The researchers used advanced laboratory and experimental models to uncover how B-cells contribute to immunotherapy resistance in liver cancer. Using liver cancer mouse models, they tested treatments that either blocked B-cells or targeted immune pathways.
They found that when tumors stopped responding to immunotherapy, B-cells moved into the tumor and formed clusters that looked like special immune structures called tertiary lymphoid tissues.
“Combining B-cell depletion with immunotherapy (anti-PD-1 ICB or the STING agonist BMS-986301) significantly improved survival and reduced metastasis,” said the author. “These exciting findings suggest that targeting B-cells or their signaling pathways could overcome acquired resistance and enhance the effectiveness of cancer immunotherapy, including in cases where the disease has spread.”

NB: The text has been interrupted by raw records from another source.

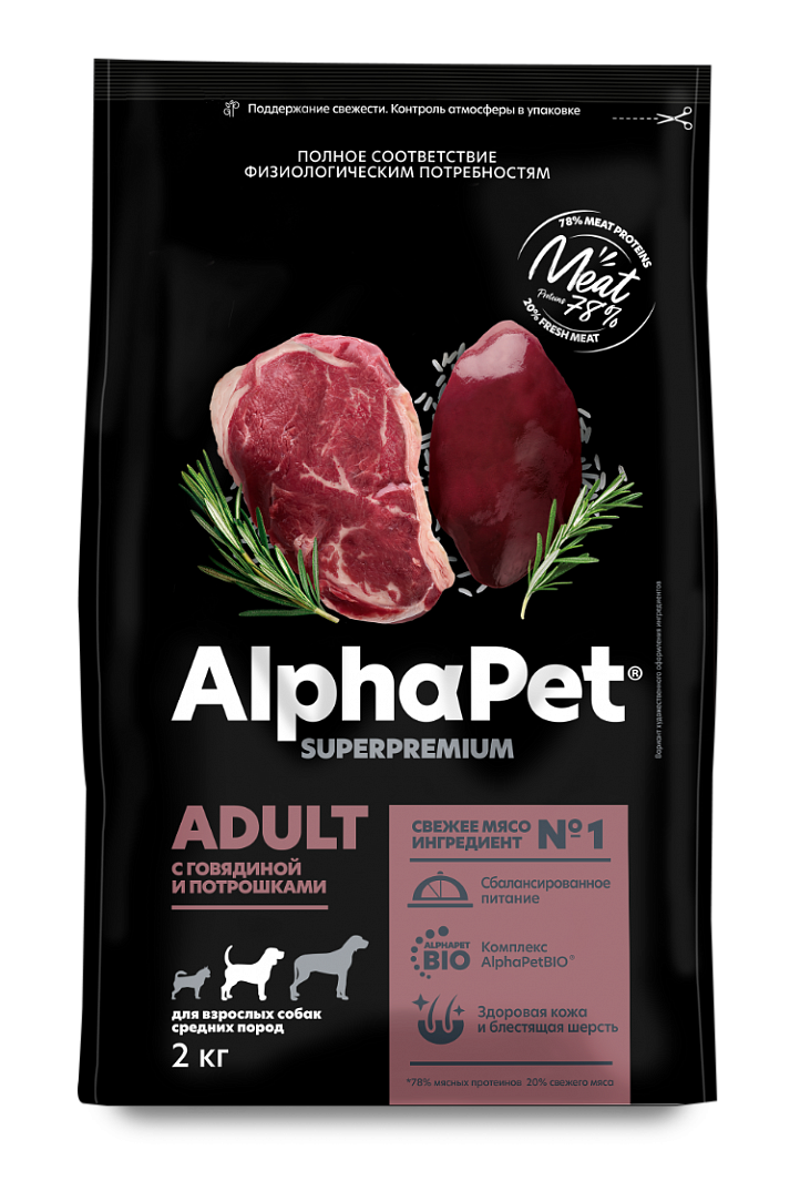 Сухой корм AlphaPet Superpremium (АльфаПет) для взрослых собак средних пород с говядиной и потрошками, 2 кг информация:
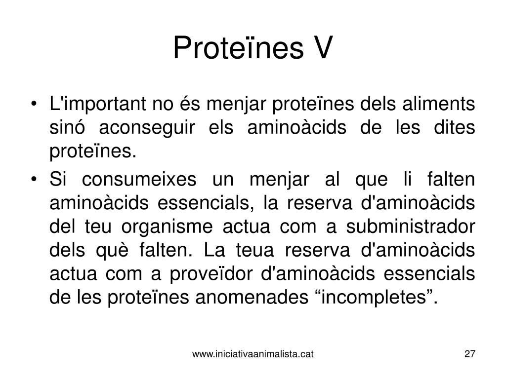 Proteïnes V • L'important no és menjar proteïnes dels aliments sinó aconseguir els aminoàcids de les dites proteïnes. • Si consumeixes un menjar al que li falten aminoàcids essencials, la reserva d'aminoàcids del teu organisme actua com a subministrador dels què falten. La teua reserva d'aminoàcids actua com a proveïdor d'aminoàcids essencials de les proteïnes anomenades “incompletes”. www.iniciativaanimalista.cat
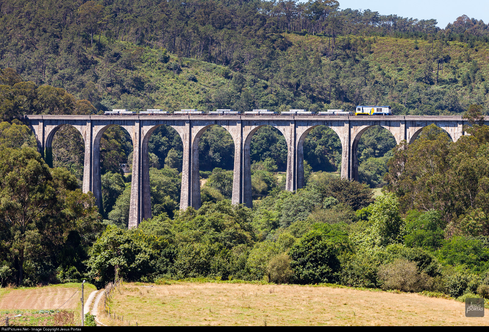Feve 1602 pulling an aluminum train over Canero viaduct.
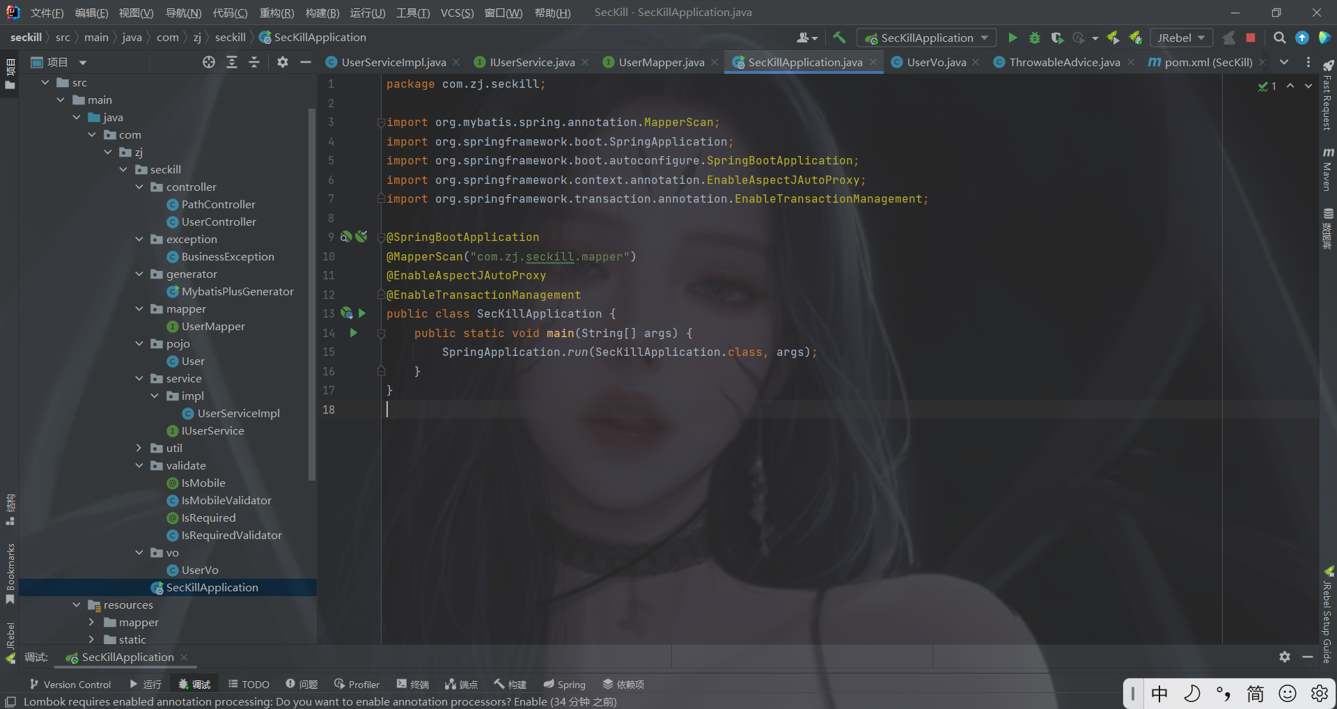 1.安全优化:隐藏秒杀地址、验证码、接口限流 2.服务优化:RabbitMQ消息队列、接口优化、分布式锁 3.页面优化:缓存、静态化分离 4.分布式会话:用户登录、共享session 5.功能开发:商品列表、商品详情、秒杀、订单详情 6.系统压测:JMeter入门、自定义变量、压测

Scientists have identified a promising strategy to improve liver cancer immunotherapy: targeting B-cells. While immunotherapy has transformed cancer treatment by activating T-cells—a type of immune cell that fights cancerous cells—many patients still fail to respond. New research shows that B-cells—another type of immune cells that fight infections—may play a surprising role in limiting immunotherapy’s effectiveness.
The study was recently published in Nature Communications. The study’s principal investigator said that most current research efforts are focusing on activating T-cells against cancers. This study showed tumor-associated B-cells can create an environment that suppresses T-cell activity, allowing cancer cells to escape immune attacks.
“We observed a significant rise in B-cell activity in the tumor, suggesting they may play an important role in how cancer escapes treatment,” said the author. “By blocking these immunosuppressive B-cells, we may be able to remove this barrier and enhance the power of immunotherapy.”